Esta é a ética desta famiglia.
Até o “quartinho” com puff foi com dinheiro público…
Apoiadores desta tchurma merecem uma lição moral!
Bravo senhor Juiz Jorge André Pereira Gailhard !
on Mar 18th, 2010 at 12:28 pm
Vejam a saia justa em que os patrões da mídia corporativa submetem os empregados jornalistas. Para não correrem risco de desemprego abrem mão de criticar um governo desqualificado, imoral e antiético.
on Mar 18th, 2010 at 1:35 pm
Parabéns ao juiz.
Só espero que o mesmo não seja chamado para uma conversinha no andar de cima…

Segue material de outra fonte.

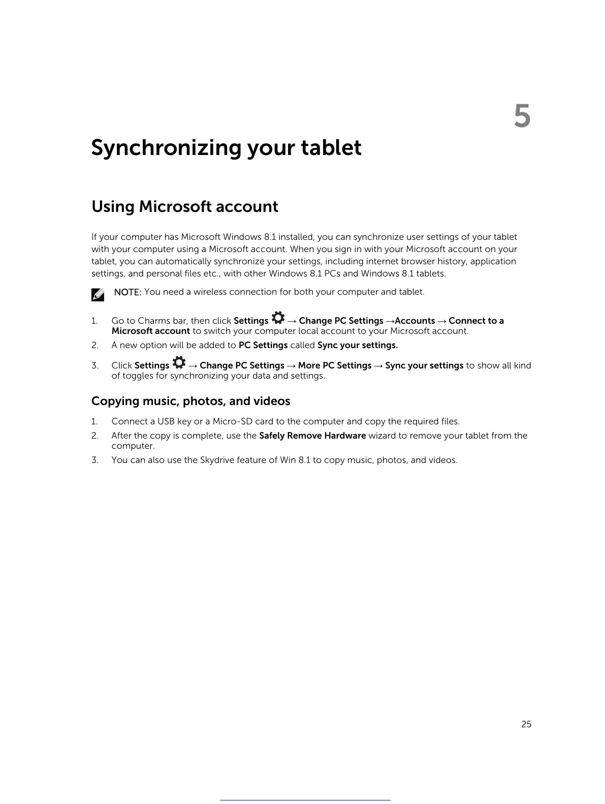 If your computer has Microsoft Windows 8.1 installed, you can synchronize user settings of your tablet

on Mar 18th, 2010 at 1:37 pm
A partir desta sentença, o Conselho Tutelar poderia discutir a guarda destas pobres crianças. Além de serem expostas pela mãe e avó, foram presenteadas com móveis comprados com dinheiro público.

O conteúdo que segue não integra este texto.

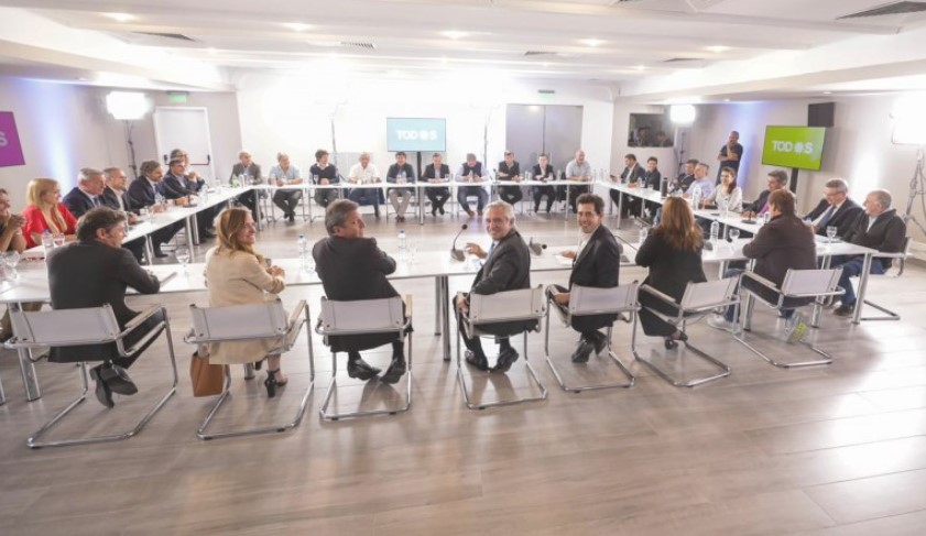 El presidente Alberto Fernández encabezó la Mesa Nacional del Frente de Todos en la que, ante representantes de todas las fuerzas que componen la coalición de Gobierno, discutieron la estrategia electoral camino a las presidenciales. Lo hizo junto al ministro de Economía y titular del Frente Renovador, Sergio Massa, y el diputado y dirigente de La Cámpora, Máximo Kirchner.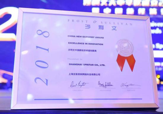 2018年7月26日,全球著名增长咨询公司Frost & Sullivan弗若斯特沙利文(简称“沙利文”)在上海举办中国新经济峰会,上海玄彩美科网络科技有限公司受邀参与此次中国新经济峰会,并与Face++、腾讯科技一同荣获中国新经济大奖。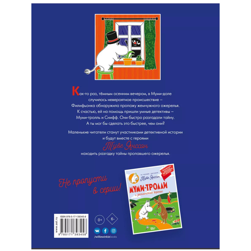 Как-то раз, тёмным осенним вечером, друзья муми-троллей собрались у них в доме. Внезапно Филифьонка обнаружила пропажу жемчужного ожерелья. К счастью, ей на помощь пришли умные детективы из Муми-дола Муми-тролль и Снифф. Они быстро разгадали тайну пропажи. А ты мог бы сделать это быстрее, чем они? Маленькие читатели станут участниками детективной истории и будут вместе с героями Туве Янссон раскрывать все тайны Муми-дола. Для детей до 3-х лет.

on Mar 18th, 2010 at 1:52 pm
Quer dizer que para ganhar “algum” elas batem até nos seus serviçais, no caso a RBS?
on Mar 18th, 2010 at 3:51 pm
Imagino que esperavam receber uma “recompensa” para cobrir o pagamento da compra da casa da filha afinal 300.000,00 para quem não tem salário não é fácil…
on Mar 18th, 2010 at 4:59 pm
Cadê o Conselho Tutelar que não afasta essas crianças de convívio tão nocivo?
on Mar 18th, 2010 at 9:16 pm
Uma avó que compra casa e pufs com dinheiro público, um mãe desocupada que ganhou uma boquinha no (des) governo da avó e já “comprou” uma casa de 300.000,00… que belos exemplos essas crianças estão recebendo, que (des) educação!
on Mar 18th, 2010 at 9:18 pm
Excelente a decisão do juiz. Na mosca! Elas é que expuseram a s crianças e as usaram, quem sabe até premeditando o que poderiam ganhar com isso. Gente desqualificada!
on Mar 18th, 2010 at 9:52 pm
“Engraçado” é que no blog do André Machado não tem nada sobre isso.
on Mar 18th, 2010 at 10:11 pm
Se até as suas crianças elas exploram, então imaginem o que elas não fazem com o povo, o Estado e as instituições públicas, como TVE, DETRAN, Escolas, etc….
on Mar 19th, 2010 at 9:45 am
A progenitora maior do RS, além de péssima governadora, revela-se também péssima avó. A filha segue a linha da mãe.
Viu filhinho, não confia nem em vovó…………….
on Mar 19th, 2010 at 9:47 am
O blog do André Machado não comenta nada sobre isso pois que o “grande acordo” realizado entre as empresas de comunicação e o governo de Yeda foi selado com sucesso para ambas as partes. Compõe:Mais verba publicitária, e , em troca trabalham para botar a Yeda no segundo turno, de preferência com José Fogaça, o preferido da RBS para governar o estado e de lambuja eleger para o senado a transgênica de Lagoa Vermelha.
on Mar 19th, 2010 at 10:37 am
O horror, o horror.
Judiciário reconhece (e não deveria ser diferente) que chefe do executivo explora os próprios netos como escudo político, e em tentativas de ganho financeiro e intimidação judicial.
Esta senhora não deveria ser punida por tentar utilizar o judiciário para seus propósitos sórdidos?